■ Task directions
Starting at the line that contains "L-R: Deborah Kerr, Greer" and stopping at the line that contains "This delightful floral", restate each line of the records below exactly. Omit the pictures.

(Available data Opens)

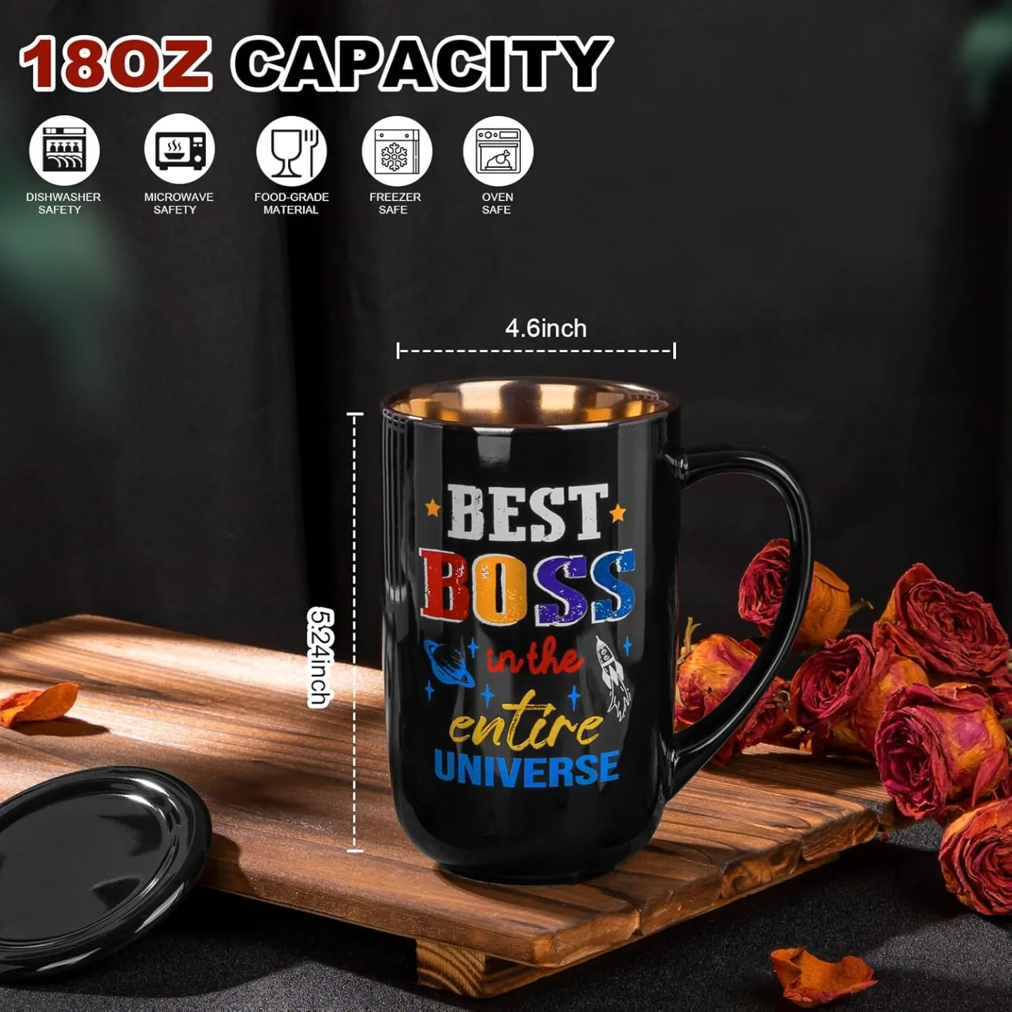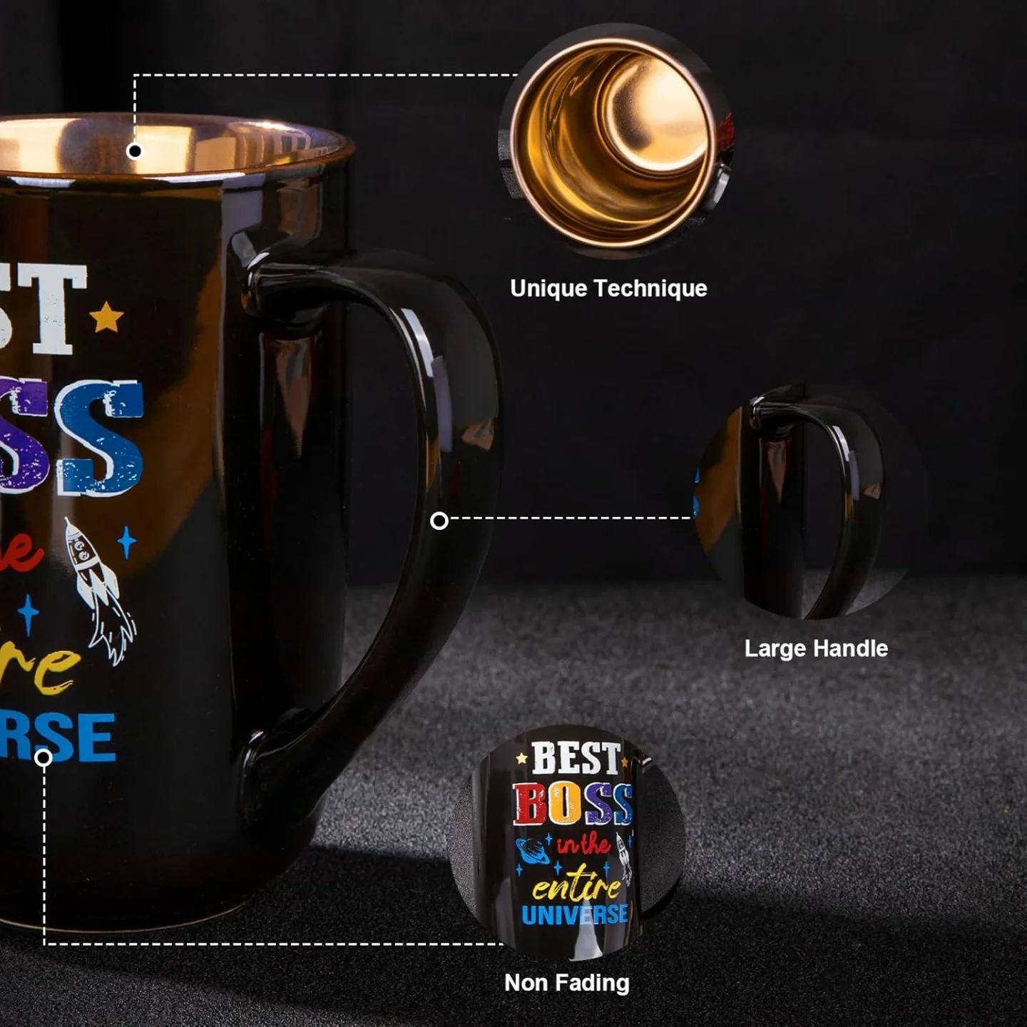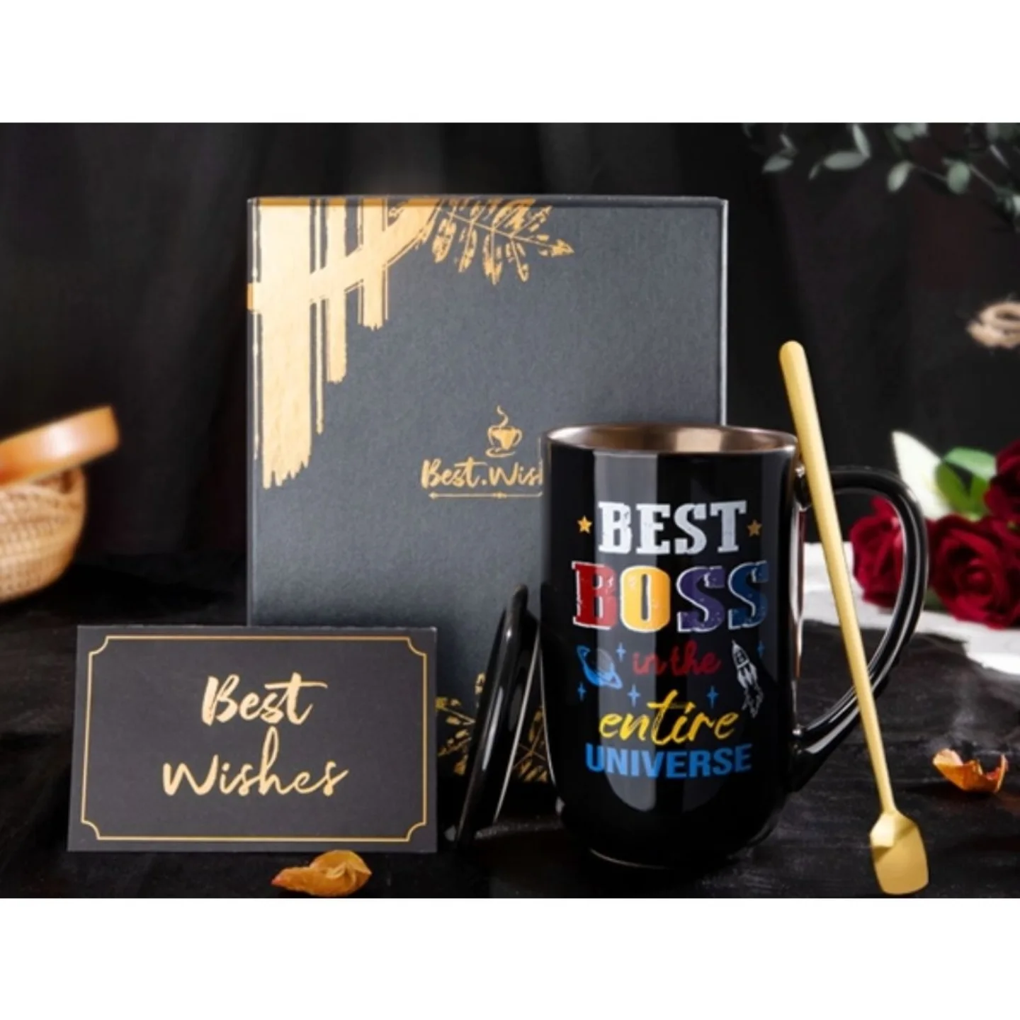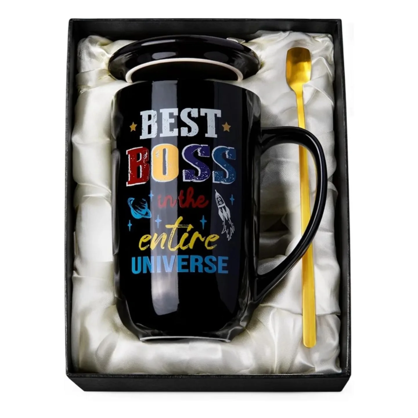This Heartening Gifts ‘Best Boss In The Entire Universe’ gift set features a large capacity 18oz black ceramic mug with a bronze interior, a matching lid, and a gold stainless steel espresso spoon. Beautifully presented in a gift box, it makes an ideal appreciation or thank you gift for any boss.
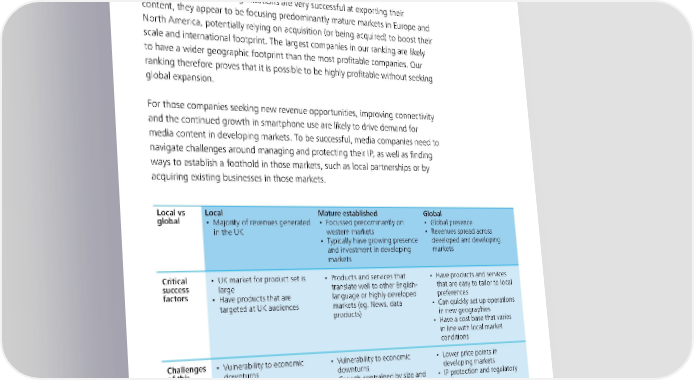 To start a new section, hold down the apple+shift keys and click to release this object and type the section title in the box below. The bottom line While UK-native media organisations are very successful at exporting their content, they appear to be focusing predominantly mature markets in Europe and North America, potentially relying on acquisition (or being acquired) to boost their scale and international footprint. The largest companies in our ranking are likely to have a wider geographic footprint than the most profitable companies. Our ranking therefore proves that it is possible to be highly profitable without seeking global expansion. For those companies seeking new revenue opportunities, improving connectivity and the continued growth in smartphone use are likely to drive demand for media content in developing markets. To be successful, media companies need to navigate challenges around managing and protecting their IP, as well as finding ways to establish a foothold in those markets, such as local partnerships or by acquiring existing businesses in those markets. Local vs Local Mature established Global global • Majority of revenues generated • Focussed predominantly on • Global presence in the UK western markets • Revenues spread across • Typically have growing presence developed and developing and investment in developing markets markets Critical • UK market for product set is • Products and services that • Have products and services success large translate well to other English- that are easy to tailor to local factors • Have products that are language or highly developed preferences targeted at UK audiences markets (eg. News, data • Can quickly set up operations products) in new geographies • Have a cost base that varies in line with local market conditions Challenges • Vulnerability to economic • Vulnerability to economic • Lower price points in of this downturns downturns developing markets model • Growth constrained by size • Growth contrained by size and • IP protection and regulatory and maturity of the market maturity of the market differences • Competitive landscape mature • Competitive landscape mature • Establishing local partnerships and congested and congested or identifying suitable acquisition targets Media Metrics The state of UK media and entertainment 13
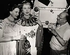 L-R: Deborah Kerr, Greer Garson & Joseph Ruttenberg on the set of Julius Caesar (1953)
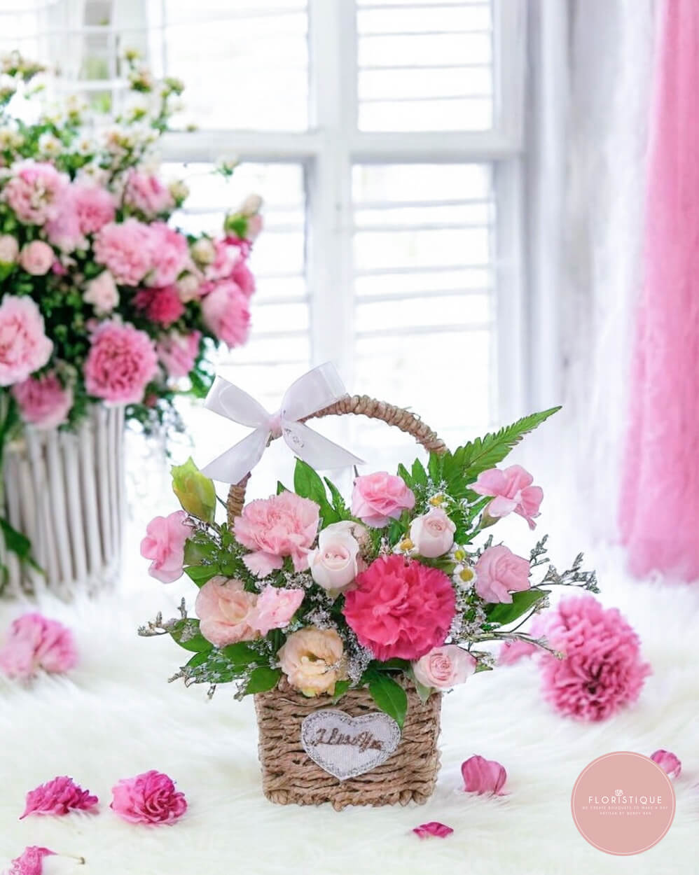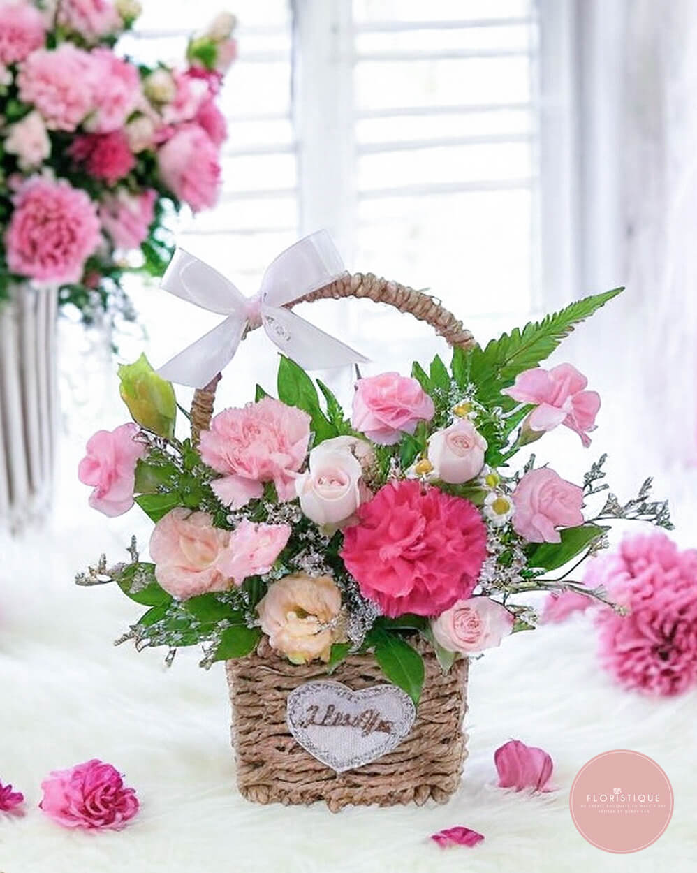 This delightful floral basket arrangement features a soft medley of pink carnations, roses, lisianthus, and dainty fillers, thoughtfully arranged in a woven basket adorned with a heart-shaped "I Love You" patch. Accented with lush greens and topped with a satin ribbon, it's a heartfelt way to express affection and appreciation.
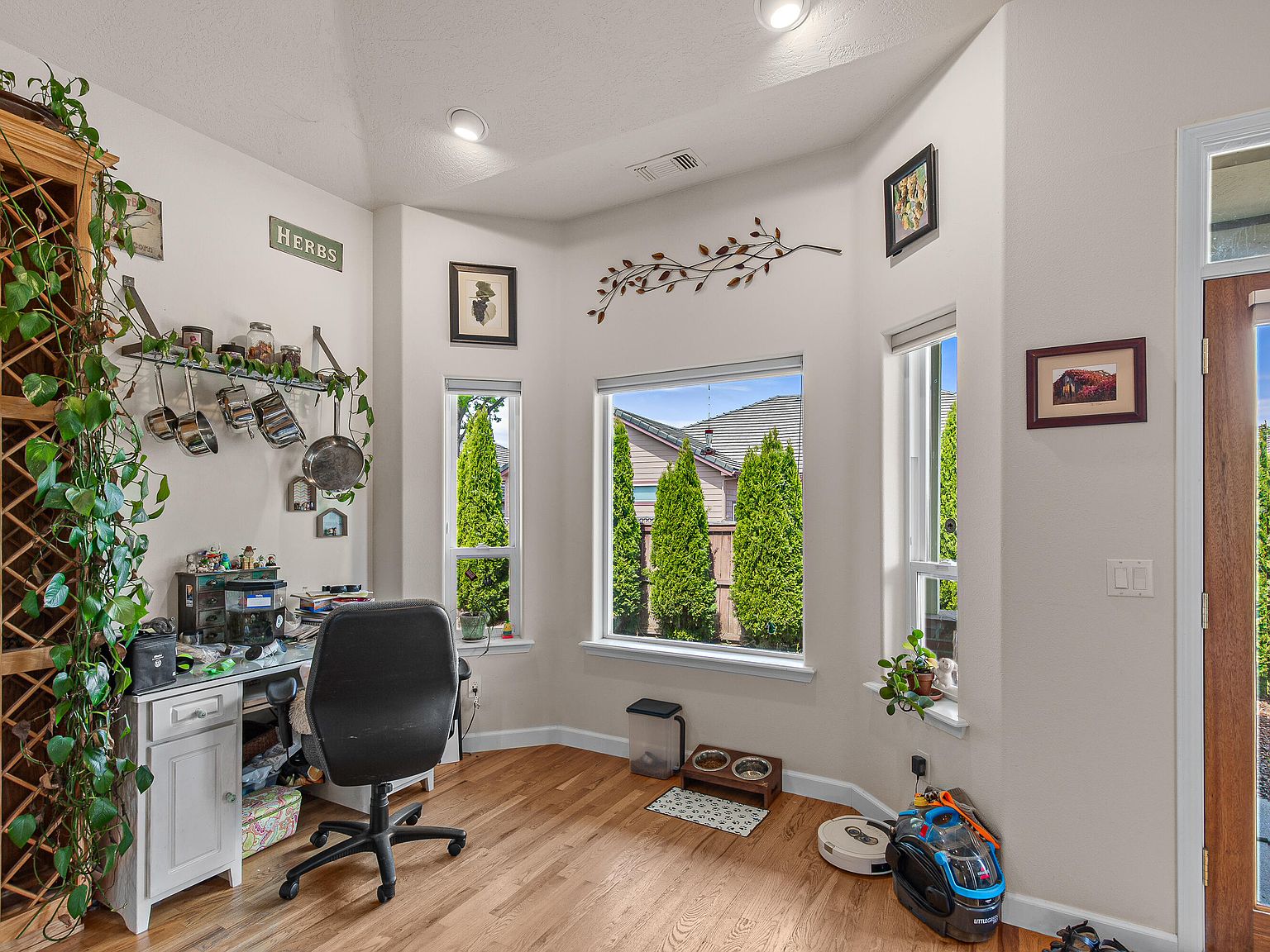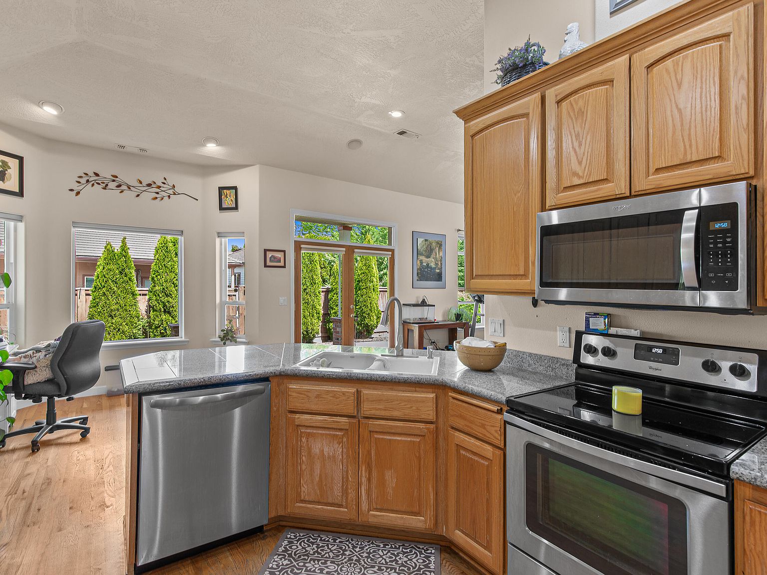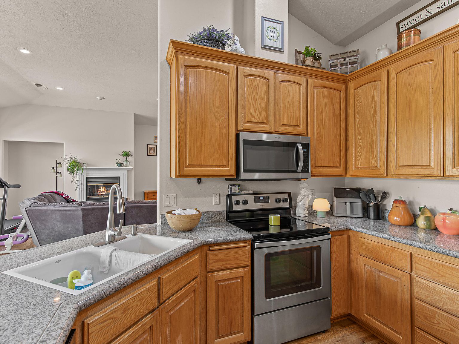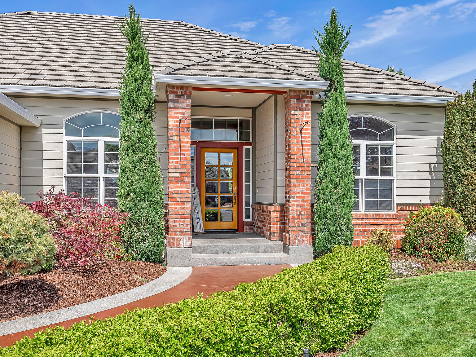 Established secure neighborhood within the Pine lakes subdivision. beautiful surrounding homes all have tile roofs, high-end facades and well maintained landscapes. Quiet cul-de-sac entry to 3 car garage with stained concrete entrance path leading to this grand entry Home. Features include grand foyer w/high arches, adjoining dining & family, open concept with beautiful lighting. Great room with over 11' coffering and gas Lennox fireplace w/custom tile hearth, light and bright with large doors to the covered patio. Split floor plan with large en-suite, coffered 11' ceilings, built-in tub/spa separate step-in shower, double sinks, lrg. 6x12 walk-in closet & access to the private backyard. Outside leads to pathway to; 12 x 14 cedar gazebo, led lighting ceiling fan, propane firepit surrounded by custom concrete and stone to complement outdoor living at its finest, including BBQ grill. All this and more awaits.

(Available data Closes)

■ Result
 L-R: Deborah Kerr, Greer Garson & Joseph Ruttenberg on the set of Julius Caesar (1953)
 This delightful floral basket arrangement features a soft medley of pink carnations, roses, lisianthus, and dainty fillers, thoughtfully arranged in a woven basket adorned with a heart-shaped "I Love You" patch. Accented with lush greens and topped with a satin ribbon, it's a heartfelt way to express affection and appreciation.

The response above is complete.